**To do**
The lines from the one with "تبدیل اقامت موقت کانادا به دائم" through the last line of the material below, copied exactly and free of pictures, make up the whole answer.

**Available data**
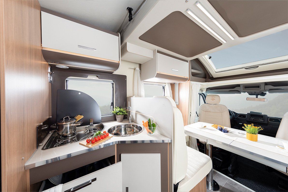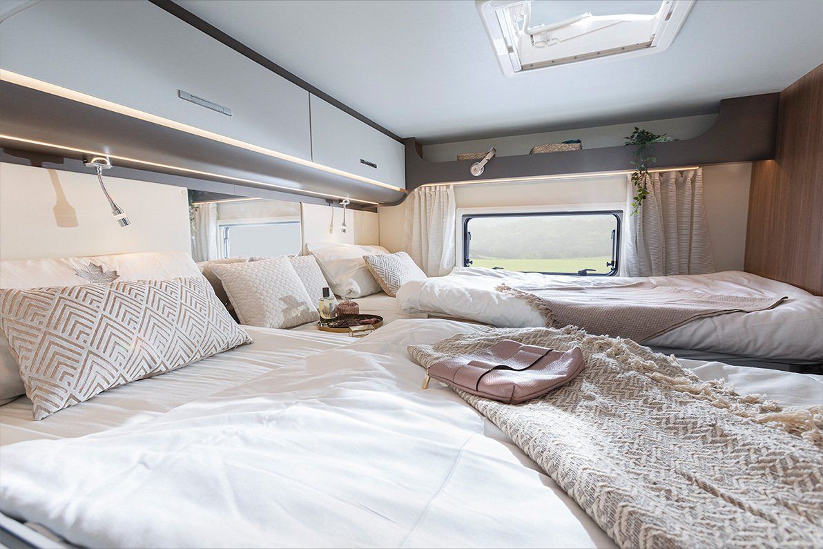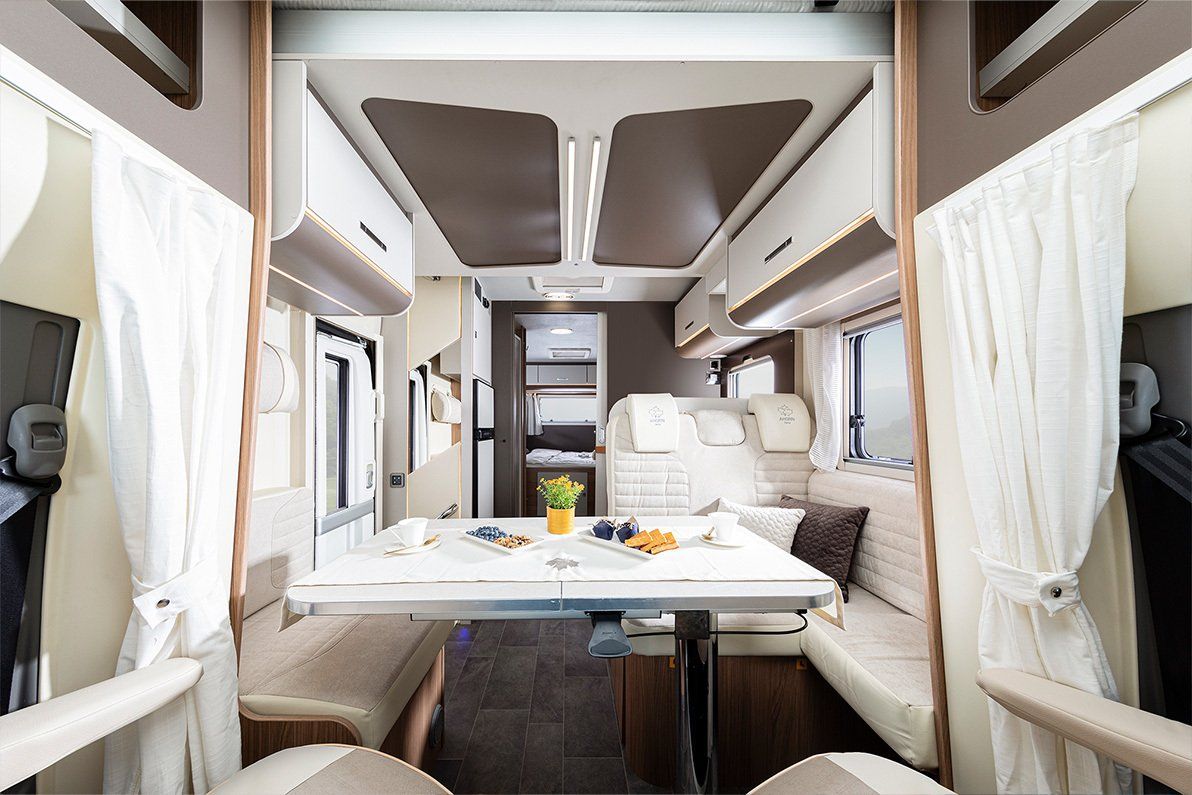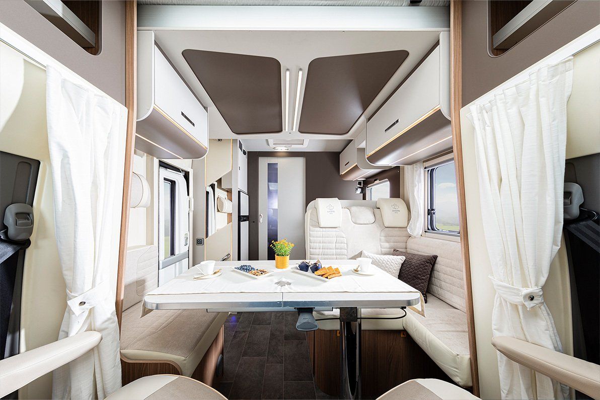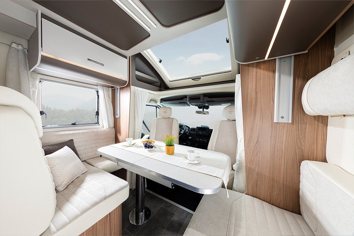 Der Alaska TE mit Einzelbetten wurde mit modernsten Designelementen ausgestattet und besticht durch seinen eleganten Innenraum, unter anderem auch durch eine Vielzahl an LED Elementen. Optional kann ein Panorama Front Dach (Sky Roof) dazu bestellt werden. Besonders ist der Alaska durch die Kooperation mit der Firma Webasto mit optionaler Bestellung des Webasto Winterpaketes auch für Winterurlaube geeignet.
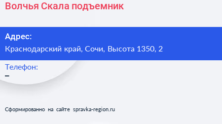 Волчья Скала, подъемник по адресу Краснодарский край, Сочи, Высота 1350, 2 в дальнейшем Организация, размещена в следующих категориях:
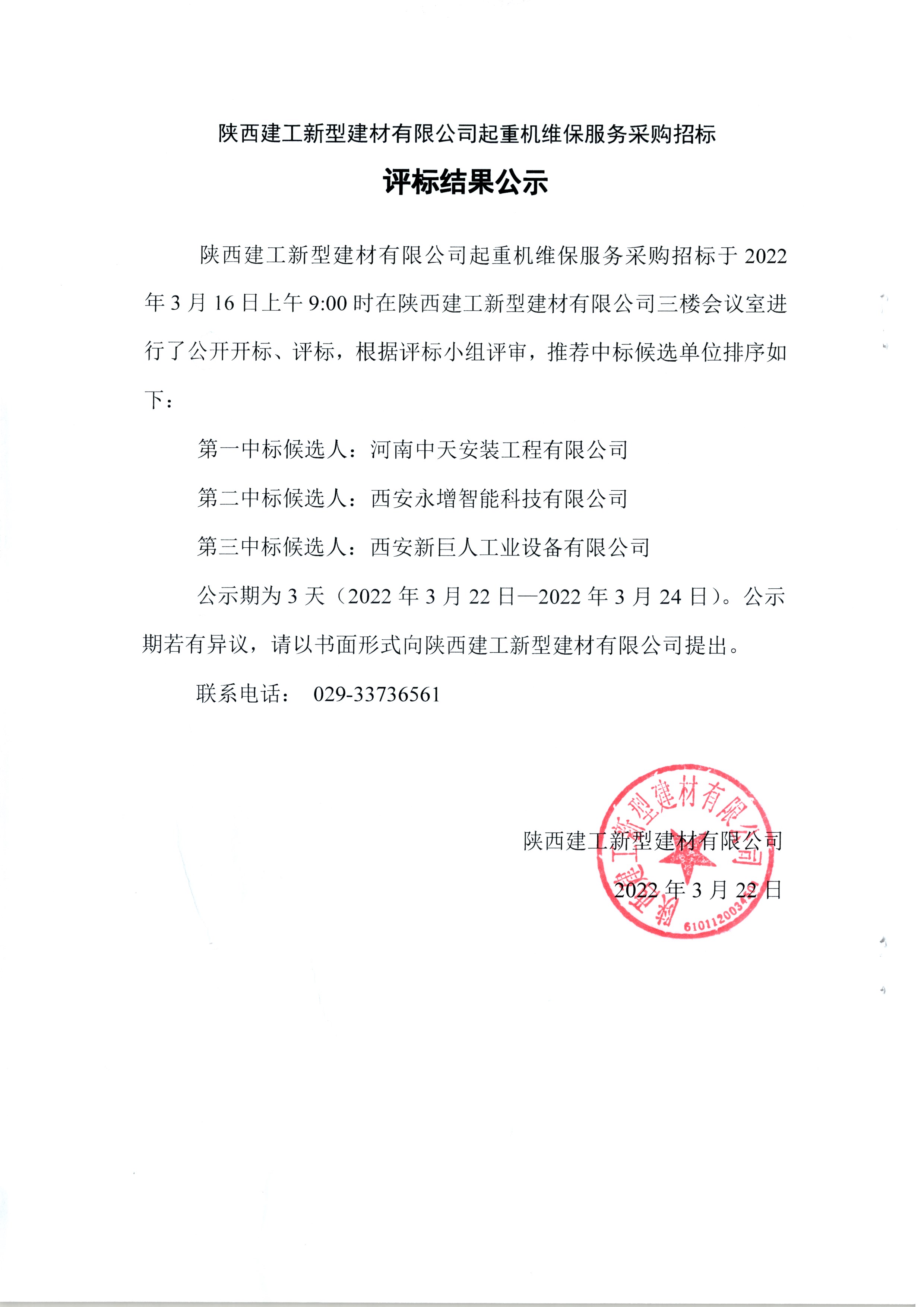 | 陜西建工新型建材有限公司起重機(jī)維保服務(wù)采購(gòu)招標(biāo)結(jié)果公示 |
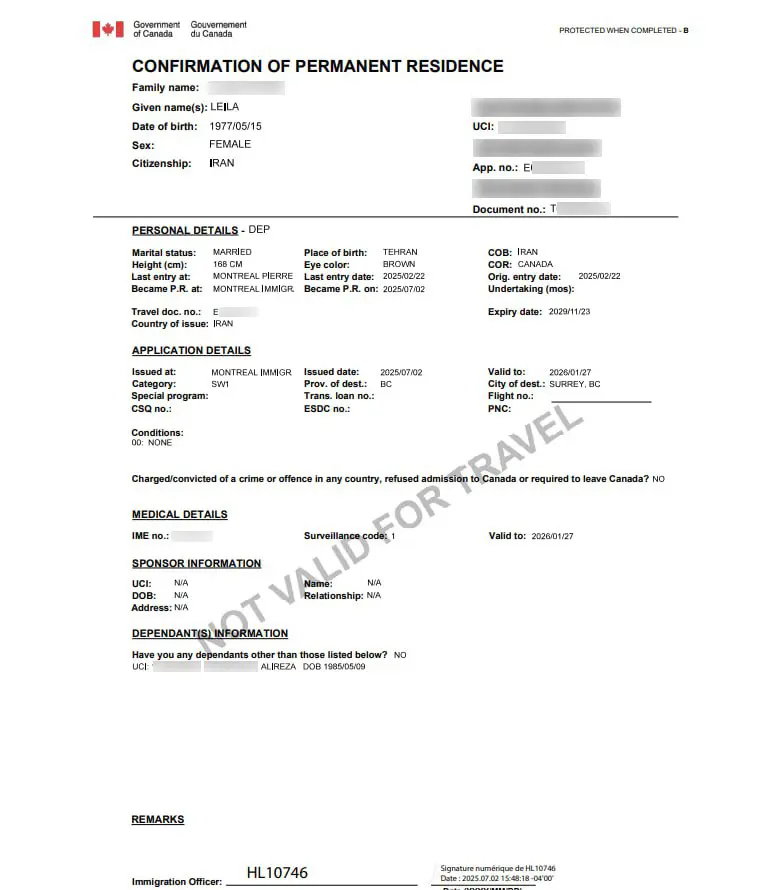 تبدیل اقامت موقت کانادا به دائم
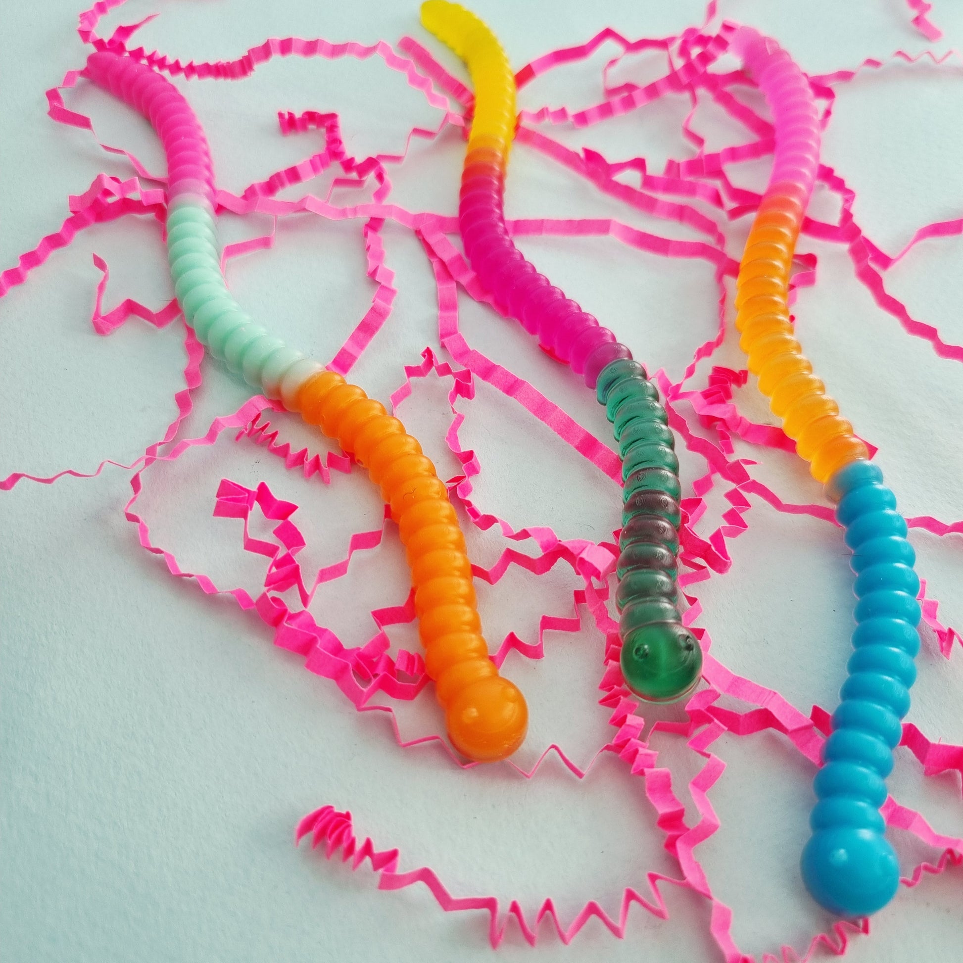 You will receive a random set of 3 XL worms, not necessarily the same colours pictured.

**Answer to this exercise**
 تبدیل اقامت موقت کانادا به دائم
 You will receive a random set of 3 XL worms, not necessarily the same colours pictured.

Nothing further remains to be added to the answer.